Below are records; reproduce exactly the lines from the one that has "Henkeäsalpaava vedos London" through the one that has "28일 밤 8시 방송된", ends included, and nothing more.

INPUT RECORDS
===============
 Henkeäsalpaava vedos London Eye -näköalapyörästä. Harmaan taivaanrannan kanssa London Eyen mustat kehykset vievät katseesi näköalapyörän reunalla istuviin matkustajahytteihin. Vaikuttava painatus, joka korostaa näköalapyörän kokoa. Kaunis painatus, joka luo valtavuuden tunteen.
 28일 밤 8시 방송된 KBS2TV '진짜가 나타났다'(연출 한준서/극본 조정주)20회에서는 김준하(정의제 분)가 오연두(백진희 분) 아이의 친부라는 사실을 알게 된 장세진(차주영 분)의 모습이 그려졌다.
===============
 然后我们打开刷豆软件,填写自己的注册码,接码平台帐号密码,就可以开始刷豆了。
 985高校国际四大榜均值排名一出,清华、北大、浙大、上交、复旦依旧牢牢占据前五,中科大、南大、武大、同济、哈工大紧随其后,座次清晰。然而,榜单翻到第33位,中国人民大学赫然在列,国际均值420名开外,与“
===============
RESPONSE TO THE TASK
 Henkeäsalpaava vedos London Eye -näköalapyörästä. Harmaan taivaanrannan kanssa London Eyen mustat kehykset vievät katseesi näköalapyörän reunalla istuviin matkustajahytteihin. Vaikuttava painatus, joka korostaa näköalapyörän kokoa. Kaunis painatus, joka luo valtavuuden tunteen.
 28일 밤 8시 방송된 KBS2TV '진짜가 나타났다'(연출 한준서/극본 조정주)20회에서는 김준하(정의제 분)가 오연두(백진희 분) 아이의 친부라는 사실을 알게 된 장세진(차주영 분)의 모습이 그려졌다.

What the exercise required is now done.